Concluding (for now), my sample project request was for the serialization issue.
Not for the connection issue, you might’ve experienced because of machine resources."
So, whether you’d still want to traverse that route is up to you. From my end, I’ll ask one of the Axon Server engineers if this situation rings a bell.

I will. We are already doing some (de)serialization tests with events and upcasters, I’m happy to share our approach. And tell you what I think is missing for doing the same with aggregates.

I do not think so. We figured the size of our aggregates was too large, and before the changes causing this issue, we changed the aggregate in order to make it (way) smaller. And that time, I did not forget to update the revision number :-).

I’ll see what I can do. I do think that adding some more test capabilities is the better approach in any case. Preventing this issue is better than solving it afterwards. So let’s first focus on testing!

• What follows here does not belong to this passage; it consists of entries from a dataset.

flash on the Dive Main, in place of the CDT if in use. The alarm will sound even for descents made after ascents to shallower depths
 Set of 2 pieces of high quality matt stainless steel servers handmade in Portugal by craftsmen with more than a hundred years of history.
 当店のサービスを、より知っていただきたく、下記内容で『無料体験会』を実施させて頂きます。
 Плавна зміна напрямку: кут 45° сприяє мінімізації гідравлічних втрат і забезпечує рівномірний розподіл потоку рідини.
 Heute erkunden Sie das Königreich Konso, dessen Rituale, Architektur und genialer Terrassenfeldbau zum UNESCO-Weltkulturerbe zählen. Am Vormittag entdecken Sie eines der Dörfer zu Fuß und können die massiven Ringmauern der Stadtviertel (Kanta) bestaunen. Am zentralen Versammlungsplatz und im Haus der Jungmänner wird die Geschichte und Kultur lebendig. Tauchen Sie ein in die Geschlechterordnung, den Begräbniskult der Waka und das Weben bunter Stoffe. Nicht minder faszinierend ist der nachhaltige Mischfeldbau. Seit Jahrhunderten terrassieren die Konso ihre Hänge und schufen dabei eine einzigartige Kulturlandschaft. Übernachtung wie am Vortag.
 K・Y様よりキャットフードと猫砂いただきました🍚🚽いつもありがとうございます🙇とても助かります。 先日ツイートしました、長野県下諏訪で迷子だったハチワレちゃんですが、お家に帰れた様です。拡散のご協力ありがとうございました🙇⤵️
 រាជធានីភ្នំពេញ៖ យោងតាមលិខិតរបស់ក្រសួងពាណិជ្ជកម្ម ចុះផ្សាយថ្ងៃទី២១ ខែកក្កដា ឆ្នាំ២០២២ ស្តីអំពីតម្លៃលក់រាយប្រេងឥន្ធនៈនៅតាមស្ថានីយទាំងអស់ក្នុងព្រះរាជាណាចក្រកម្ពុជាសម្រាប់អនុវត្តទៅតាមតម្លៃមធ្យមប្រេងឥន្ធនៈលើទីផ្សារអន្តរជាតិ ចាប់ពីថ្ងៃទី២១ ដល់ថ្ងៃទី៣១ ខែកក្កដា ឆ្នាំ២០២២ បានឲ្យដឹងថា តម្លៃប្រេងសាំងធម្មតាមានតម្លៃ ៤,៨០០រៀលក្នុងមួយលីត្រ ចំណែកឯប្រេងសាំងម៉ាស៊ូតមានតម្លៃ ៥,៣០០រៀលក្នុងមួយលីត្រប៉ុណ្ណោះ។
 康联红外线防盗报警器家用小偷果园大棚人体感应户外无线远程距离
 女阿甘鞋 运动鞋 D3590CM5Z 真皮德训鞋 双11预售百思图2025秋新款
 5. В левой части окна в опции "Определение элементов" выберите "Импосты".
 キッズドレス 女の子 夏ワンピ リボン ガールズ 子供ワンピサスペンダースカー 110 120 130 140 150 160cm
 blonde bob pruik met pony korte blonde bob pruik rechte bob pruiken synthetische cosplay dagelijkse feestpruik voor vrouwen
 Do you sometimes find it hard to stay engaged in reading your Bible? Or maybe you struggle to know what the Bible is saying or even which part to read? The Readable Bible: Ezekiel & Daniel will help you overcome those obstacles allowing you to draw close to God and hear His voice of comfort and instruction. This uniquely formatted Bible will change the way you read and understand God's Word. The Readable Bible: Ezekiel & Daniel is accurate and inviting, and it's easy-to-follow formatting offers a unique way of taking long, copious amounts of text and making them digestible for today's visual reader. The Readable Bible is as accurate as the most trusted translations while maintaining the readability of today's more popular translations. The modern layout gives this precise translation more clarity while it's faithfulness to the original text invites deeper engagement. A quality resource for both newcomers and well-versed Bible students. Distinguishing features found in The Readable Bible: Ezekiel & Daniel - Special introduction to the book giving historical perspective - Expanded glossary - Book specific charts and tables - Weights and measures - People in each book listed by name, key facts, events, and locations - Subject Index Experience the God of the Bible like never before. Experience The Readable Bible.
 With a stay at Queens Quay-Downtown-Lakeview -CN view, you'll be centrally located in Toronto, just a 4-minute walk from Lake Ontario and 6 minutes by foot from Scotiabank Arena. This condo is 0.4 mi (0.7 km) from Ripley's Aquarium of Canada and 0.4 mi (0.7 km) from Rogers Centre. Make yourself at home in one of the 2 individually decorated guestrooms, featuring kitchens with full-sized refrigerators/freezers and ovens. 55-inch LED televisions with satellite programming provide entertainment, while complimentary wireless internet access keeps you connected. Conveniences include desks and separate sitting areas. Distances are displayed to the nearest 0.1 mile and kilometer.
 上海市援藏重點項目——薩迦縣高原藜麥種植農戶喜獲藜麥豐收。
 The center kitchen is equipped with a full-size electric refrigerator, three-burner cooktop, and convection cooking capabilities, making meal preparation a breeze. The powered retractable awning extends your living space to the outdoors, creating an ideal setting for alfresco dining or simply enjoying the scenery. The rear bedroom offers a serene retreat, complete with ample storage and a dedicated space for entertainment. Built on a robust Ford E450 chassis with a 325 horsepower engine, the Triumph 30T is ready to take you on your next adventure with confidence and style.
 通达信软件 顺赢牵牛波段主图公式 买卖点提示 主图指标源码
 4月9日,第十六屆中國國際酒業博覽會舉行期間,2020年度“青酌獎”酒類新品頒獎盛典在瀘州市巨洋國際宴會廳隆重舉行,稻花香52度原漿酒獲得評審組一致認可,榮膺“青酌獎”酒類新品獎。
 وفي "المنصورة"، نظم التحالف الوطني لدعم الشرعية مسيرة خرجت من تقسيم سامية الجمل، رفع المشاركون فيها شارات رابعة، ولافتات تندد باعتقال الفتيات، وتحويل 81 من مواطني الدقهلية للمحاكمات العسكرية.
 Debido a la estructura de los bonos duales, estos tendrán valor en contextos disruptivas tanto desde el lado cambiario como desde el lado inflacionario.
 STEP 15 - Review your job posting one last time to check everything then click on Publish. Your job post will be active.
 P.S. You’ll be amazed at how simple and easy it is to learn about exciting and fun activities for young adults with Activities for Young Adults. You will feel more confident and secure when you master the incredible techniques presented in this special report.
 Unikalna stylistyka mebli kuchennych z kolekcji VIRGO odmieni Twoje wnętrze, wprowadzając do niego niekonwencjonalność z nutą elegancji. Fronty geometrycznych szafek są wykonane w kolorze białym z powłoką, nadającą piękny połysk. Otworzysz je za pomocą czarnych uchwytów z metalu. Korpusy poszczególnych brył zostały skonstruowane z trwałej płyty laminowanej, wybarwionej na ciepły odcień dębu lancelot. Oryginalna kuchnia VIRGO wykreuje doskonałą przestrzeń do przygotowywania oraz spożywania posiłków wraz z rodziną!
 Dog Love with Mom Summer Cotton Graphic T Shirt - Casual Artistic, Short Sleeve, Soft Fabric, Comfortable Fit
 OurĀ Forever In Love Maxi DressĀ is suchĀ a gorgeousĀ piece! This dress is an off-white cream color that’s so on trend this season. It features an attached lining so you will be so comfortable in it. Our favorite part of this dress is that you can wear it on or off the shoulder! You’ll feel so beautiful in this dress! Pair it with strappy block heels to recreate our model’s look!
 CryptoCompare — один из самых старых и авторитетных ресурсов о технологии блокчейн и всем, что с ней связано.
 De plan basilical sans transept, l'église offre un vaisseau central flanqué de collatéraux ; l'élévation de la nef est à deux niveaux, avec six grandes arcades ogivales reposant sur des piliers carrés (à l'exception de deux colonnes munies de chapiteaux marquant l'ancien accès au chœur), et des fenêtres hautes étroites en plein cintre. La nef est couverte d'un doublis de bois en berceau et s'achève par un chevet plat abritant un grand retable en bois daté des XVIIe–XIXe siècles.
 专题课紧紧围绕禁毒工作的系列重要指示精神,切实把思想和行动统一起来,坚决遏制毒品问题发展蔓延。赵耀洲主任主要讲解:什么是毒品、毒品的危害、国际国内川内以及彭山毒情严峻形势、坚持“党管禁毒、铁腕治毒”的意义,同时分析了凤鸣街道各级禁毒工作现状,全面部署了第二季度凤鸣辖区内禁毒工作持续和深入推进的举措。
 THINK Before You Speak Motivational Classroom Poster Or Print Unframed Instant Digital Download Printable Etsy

On a sidenote: I’m currently in the middle of your course on event sourcing with axon after doing the first one from Allard Buijze. They’re good! And even though I was already familiar with most of the concepts and implementations, I still learned something. And I’m pushing my team members to do these courses as well. So thanks!

1 Like

I’ve created an enhancement request here. Testing command, event and aggregate (de)serialization · Issue #1904 · AxonFramework/AxonFramework · GitHub

Thanks! I just spotted the issue you’ve constructed.
I also added a piece of feedback there to share the prioritization of the idea.

Agreed, preventing is better. I find it hard to deduce whether the issue would be solved with additional de-/serialization tests, as the shared stack traces seem to point to something else.

Thanks for the compliments here @maartenjanvangool! A lot of effort has gone into them, and there are still more to come. We do think it is a very efficient way to share the intent of building applications with DDD, CQRS, and Event Sourcing using Axon. I hope you can get your colleagues to try it out as well!